What the task requires:
Make an exact copy of the whole listing, but leave its pictures out.

Data provided:
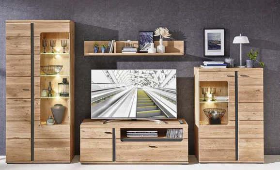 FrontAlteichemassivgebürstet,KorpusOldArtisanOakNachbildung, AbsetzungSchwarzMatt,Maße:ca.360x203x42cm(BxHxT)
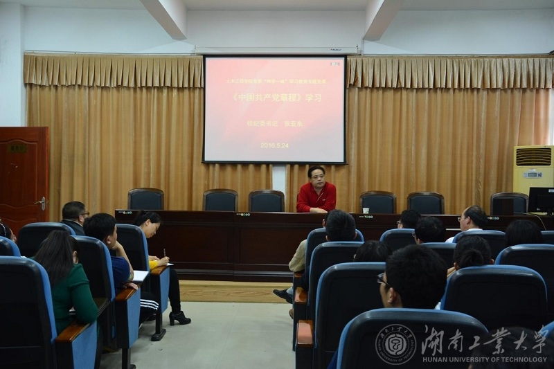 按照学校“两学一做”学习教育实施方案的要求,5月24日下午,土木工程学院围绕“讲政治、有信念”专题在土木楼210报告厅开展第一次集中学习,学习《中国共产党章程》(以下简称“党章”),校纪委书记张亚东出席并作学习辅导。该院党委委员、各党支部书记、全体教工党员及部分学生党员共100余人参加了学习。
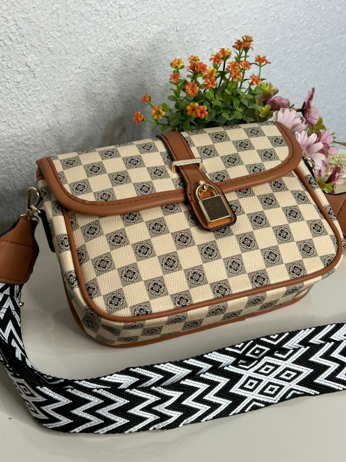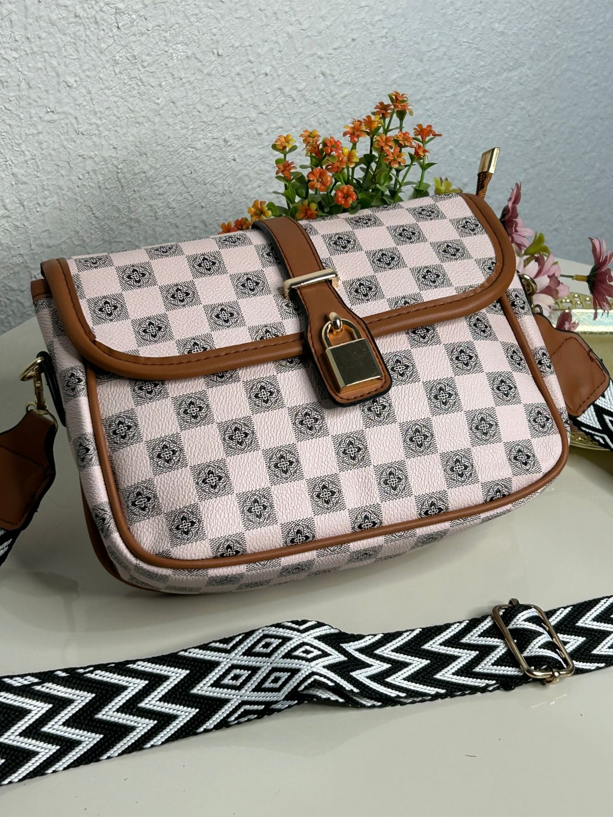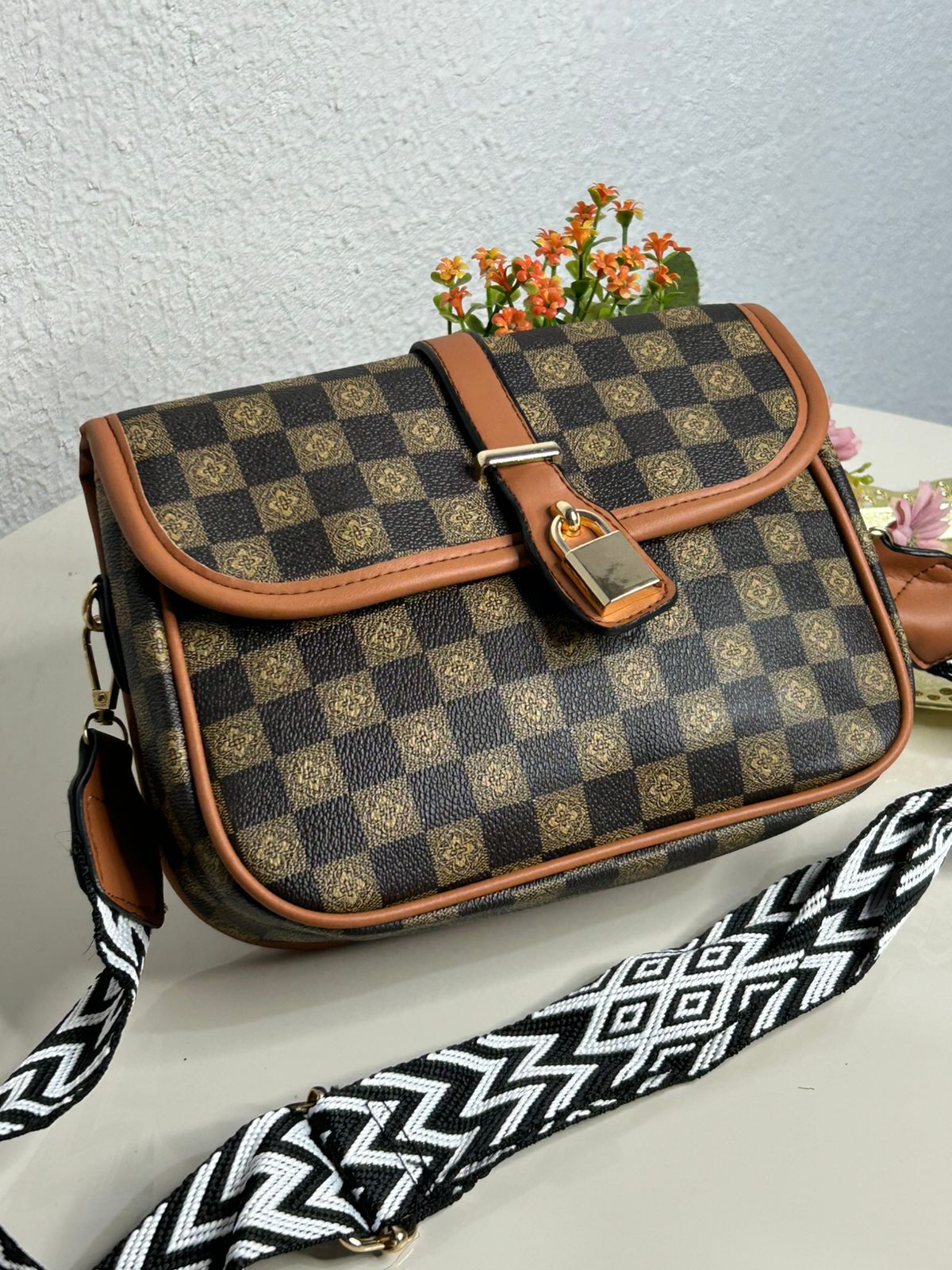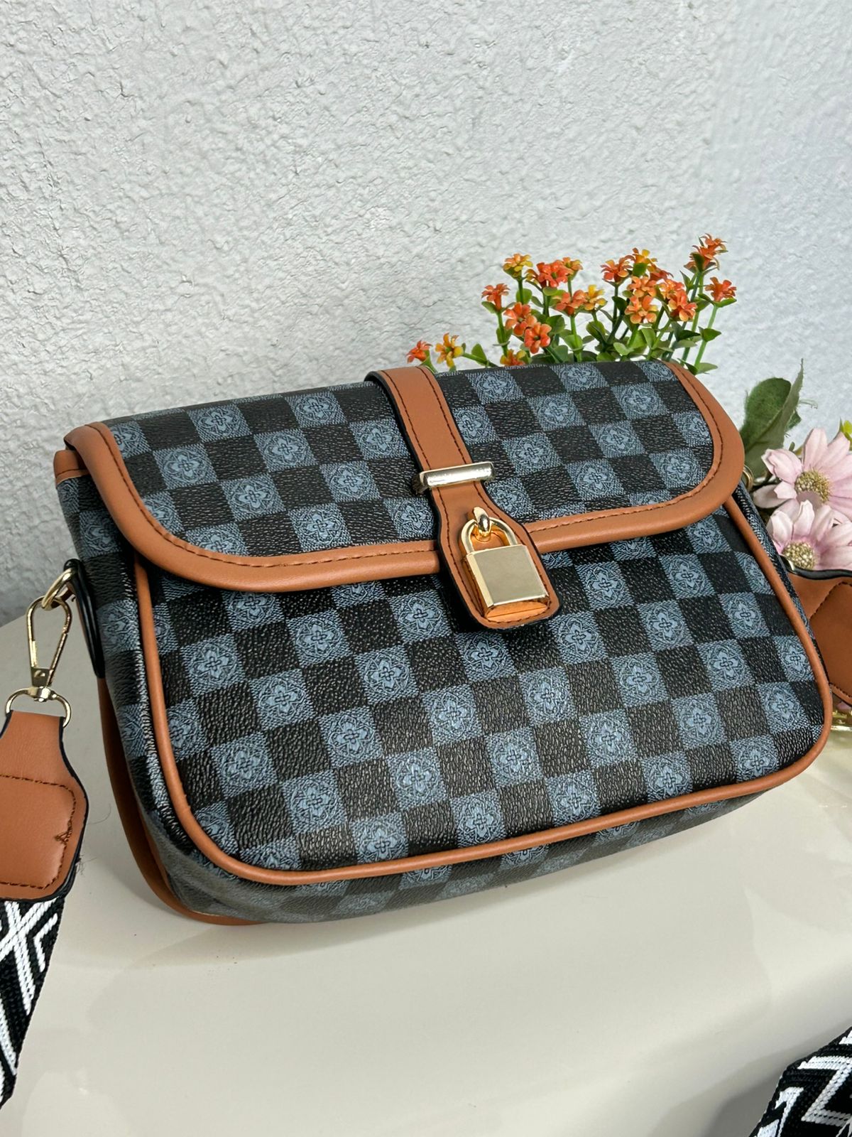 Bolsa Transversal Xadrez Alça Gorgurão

Answer:
 FrontAlteichemassivgebürstet,KorpusOldArtisanOakNachbildung, AbsetzungSchwarzMatt,Maße:ca.360x203x42cm(BxHxT)
 按照学校“两学一做”学习教育实施方案的要求,5月24日下午,土木工程学院围绕“讲政治、有信念”专题在土木楼210报告厅开展第一次集中学习,学习《中国共产党章程》(以下简称“党章”),校纪委书记张亚东出席并作学习辅导。该院党委委员、各党支部书记、全体教工党员及部分学生党员共100余人参加了学习。
 Bolsa Transversal Xadrez Alça Gorgurão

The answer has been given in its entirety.